For the past year, we have been running several promising candidate models during Mandiant IR and Managed Defense engagements to gather performance metrics. We also created an internal service where teams at FireEye could submit their PE files for ML model scoring. To date, we have made predictions on more than 20 million new PE files during this evaluation. This provided an invaluable source of feedback that allowed us to do several things. We were able to identify and address gaps in our data collection, and evaluating the false positives and false negatives permitted some additional, targeted feature engineering. These are important steps in the iterative process of producing a robust machine learning model. The last step in our internal evaluation was selecting the final model from amongst the candidates, which we did again using the AUC statistic.

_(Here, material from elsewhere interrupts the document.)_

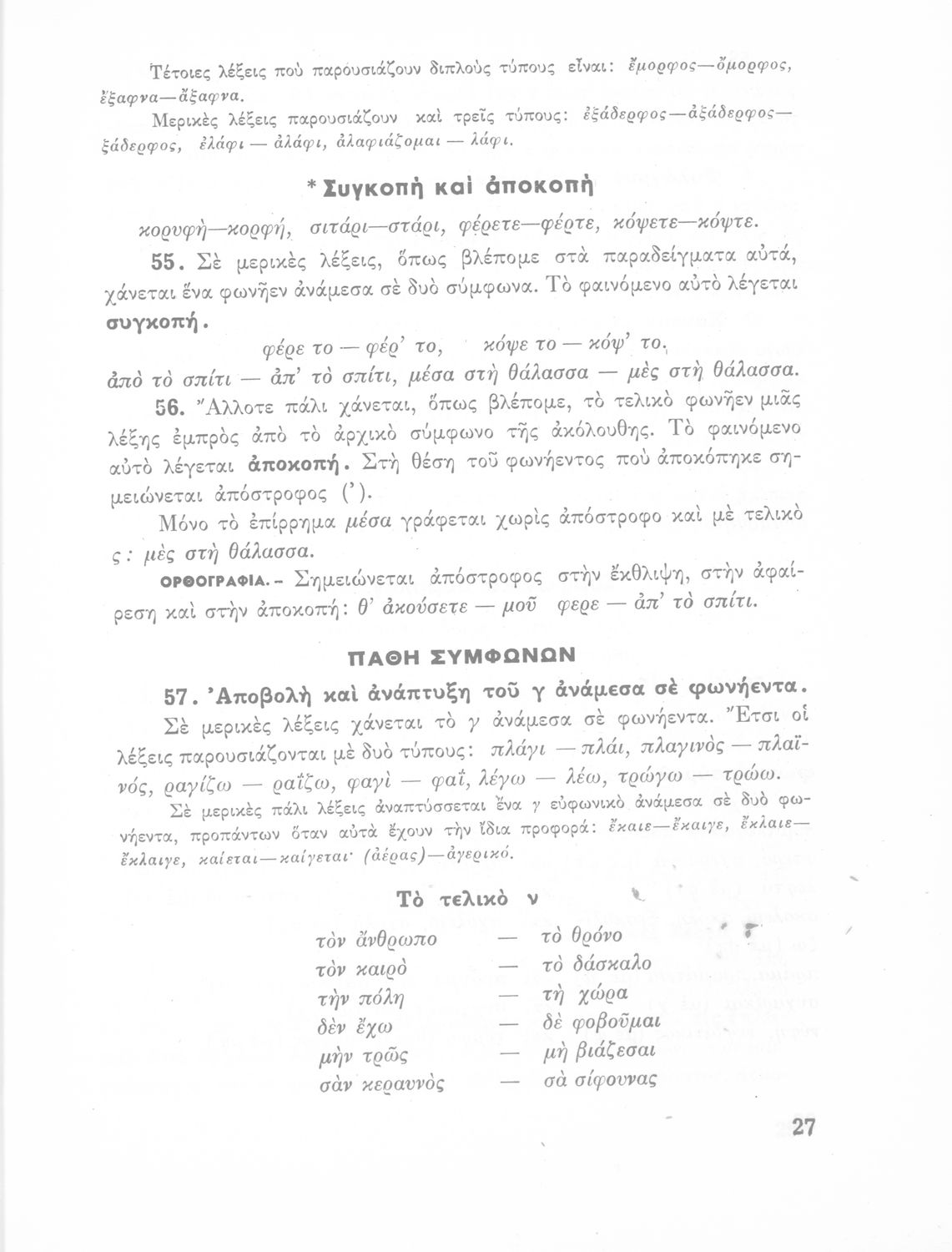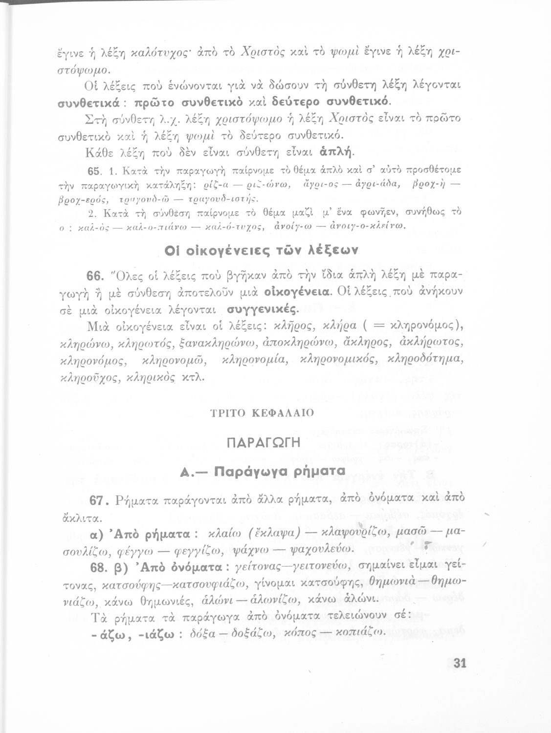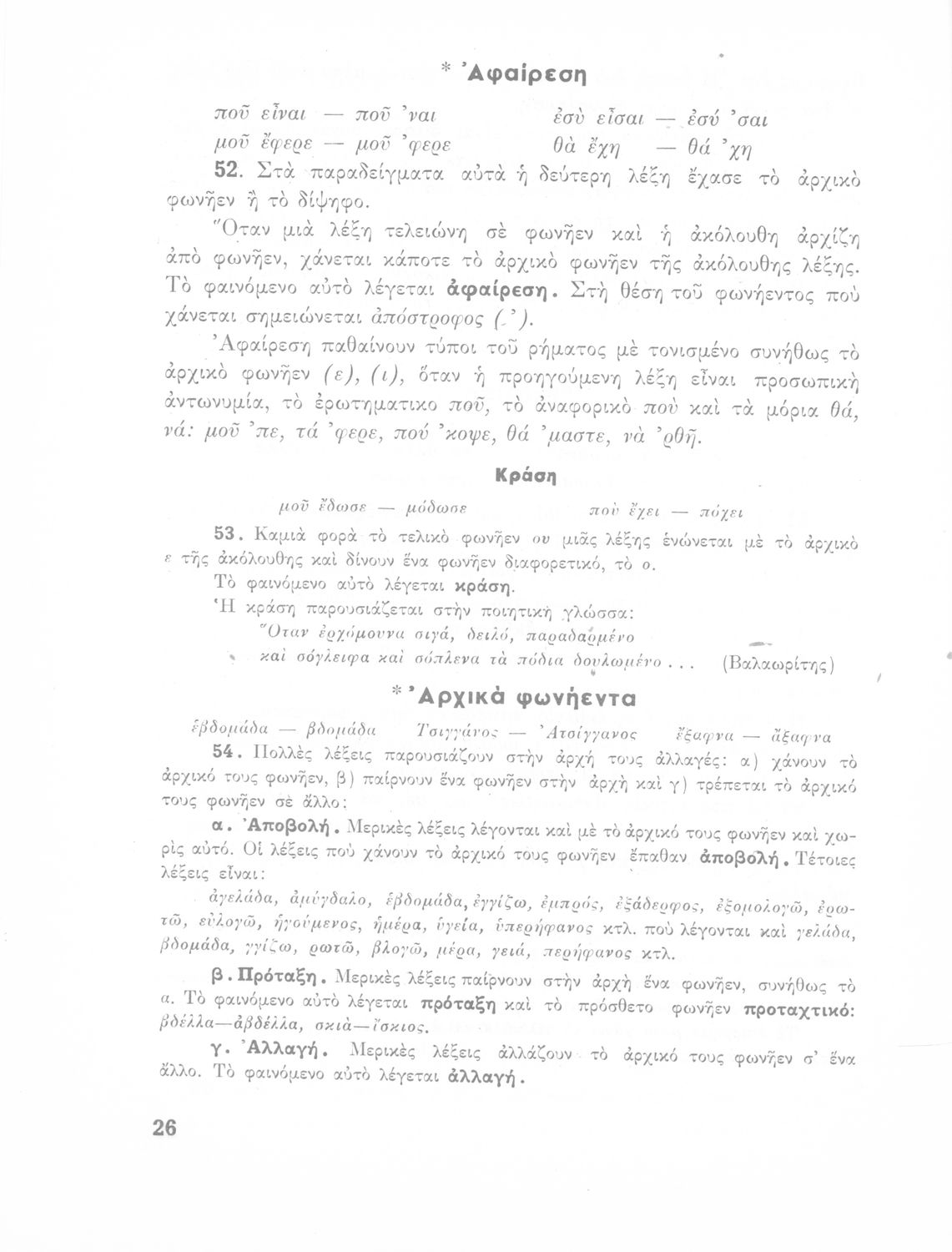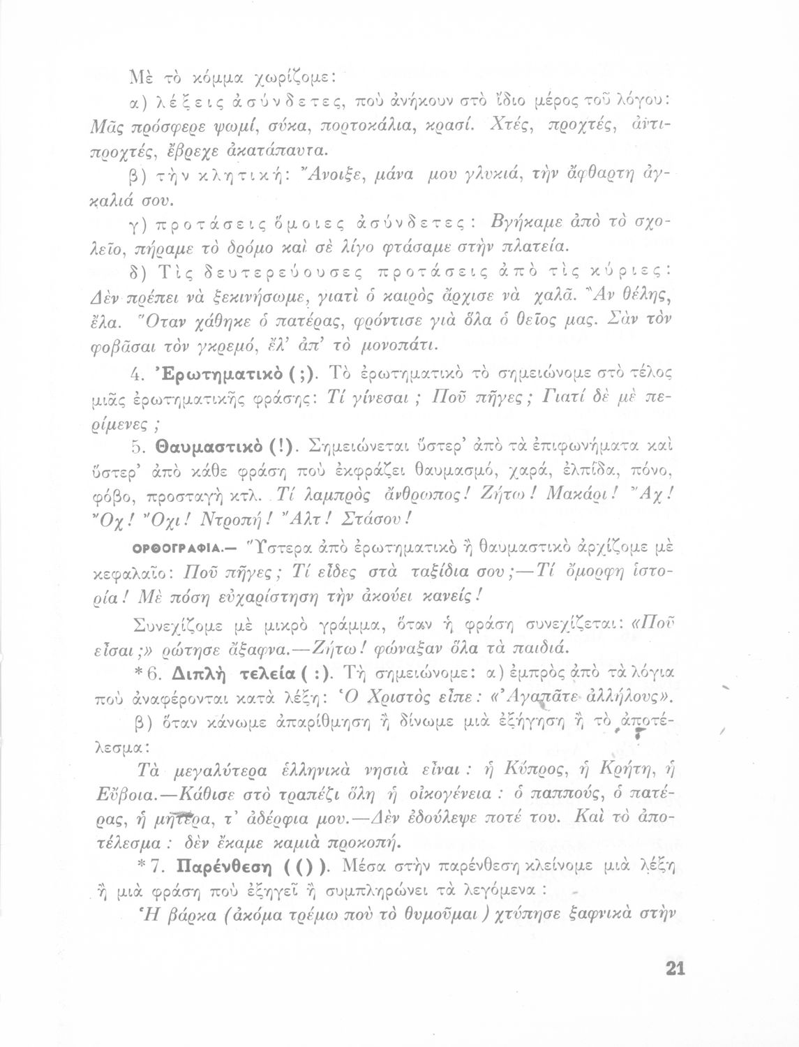 Σχολικό εγχειρίδιο Γραμματικής για τη ΣΤ΄ Δημοτικού και τις τάξεις της Μέσης εκπαίδευσης. Περιέχει τη διδασκαλία της Γραμματικής της δημοτικής και για τους παιδαγωγούς αλλά και τους μαθητές.

During the internal evaluation period, we also developed the infrastructure to support long-term tracking and maintenance for MalwareGuard. Our goal was and is to have real-time visibility into the model’s performance, with the expectation that model retraining could be done on demand when performance dips below a threshold. To meet this objective, we developed data pipelines for each phase of the ML process, which makes the system fully automatable.

Going Forward

FireEye customers using Endpoint Security, Network Security or Email Security will benefit from MalwareGuard. Clients can expect a significant improvement on the ability to detect malware – even zero-day threats. For our Endpoint Security customers in particular, MalwareGuard is an important addition to our integrated, defense-in-depth solution. This solution consists of Indicators of Compromise detection, malware signature detection and prevention, ExploitGuard behavioral detection and blocking, and now a new layer with our machine learning malware detection and prevention in MalwareGuard.

While we are excited to reach this milestone announcement today, we are just as eager to improve MalwareGuard over time. The malware threat environment continues to evolve rapidly, and we believe that applying machine learning allows for detecting and stopping new malware faster than conventional signature-based approaches.